The reason for not making the partnership’s terms public may have been that the Ukrainian government was not sure that the Ukrainian parliament and Ukrainian citizens would be excited about the terms of the agreement, including the aforementioned U.S. priority rights to revenue from military assistance contributions. Although many members of parliament did not appreciate being kept in the dark and were concerned about significant risks, their overwhelming support for the agreement was likely motivated by a need to maintain American military assistance and positive relations with the United States. Indeed, in the run-up to the vote, President Zelenskyy opined that the U.S. should consider revoking visas for members of parliament who voted against ratification. Such treatment of the Ukrainian parliament diminishes its institutional role and agency by effectively denying it meaningful participation in the consequential national choices within its constitutional powers. If the parliament can be sidelined in this instance, Russia and the U.S. might be wondering why it could not be sidelined in the context of peace talks. The hope is that the Ukrainian lawmakers would take a stronger stand in the latter context.
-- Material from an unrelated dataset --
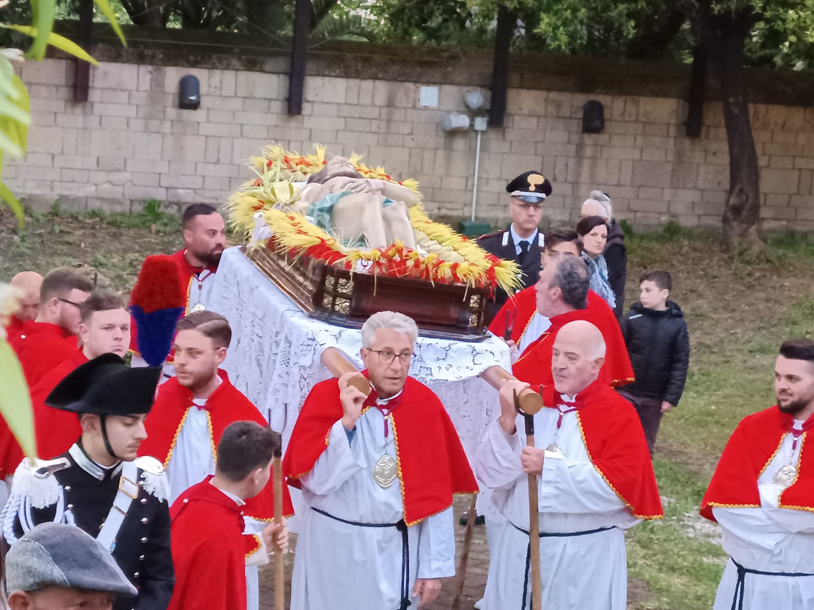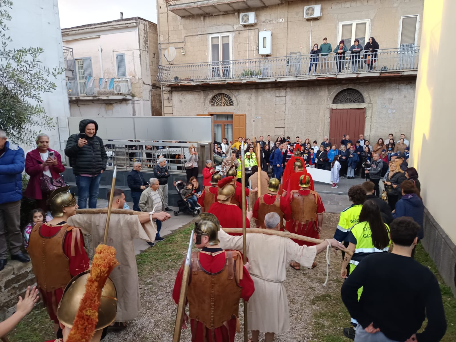 Dalla preghiera nell’orto degli ulivi al confronto con il Sinedrio, dalla flagellazione al caricamento della Croce, la narrazione ha preso corpo con una forza visiva ed emotiva straordinaria. Il corteo ha poi proseguito tra le strade del paese, accompagnato dal silenzio composto dei fedeli. Gesù ha incontrato la Madre, è caduto tre volte, è stato aiutato da Simone di Cirene e asciugato dalla Veronica. Ogni stazione, un frammento di dolore condiviso, di meditazione collettiva.

It would be in the interest of both the Ukrainian and American people to understand the nature of the partnership they have to avoid surprises and disappointments down the road that may harm the U.S.-Ukraine relations and result in legal disputes. As Curtis Bradley, Jack Goldsmith, and Oona Hathaway previously argued in Lawfare, under the Case-Zablocki Act, the U.S. secretary of state shall publish and report the LP Agreement to Congress, considering its connection to the Framework Agreement. The Ukrainian lawmakers' efforts to obtain the commercial agreements from the Ukrainian government have been unsuccessful so far, with the Ukrainian agency relying on its confidentiality obligations to DFC under the agreements.

***

The publicly available information suggests that Ukraine likely traded robust commercial incentives for continued U.S. military assistance to defend itself against Russia for less or little revenue from the partnership in the long term. Indeed, the more assistance the U.S. provides, the less long-term revenue from the fund Ukraine would get. One member of parliament succinctly summarized the Ukrainian choice: “This is about the fact that the world is pragmatic and cynical, and we need to survive in it.”


Mykhailo Soldatenko is an attorney in Ukraine and New York and an S.J.D. candidate at Harvard Law School. He was previously a senior associate at a leading Ukrainian law firm, practicing international dispute resolution. He is also currently a Legal Fellow at Lawfare.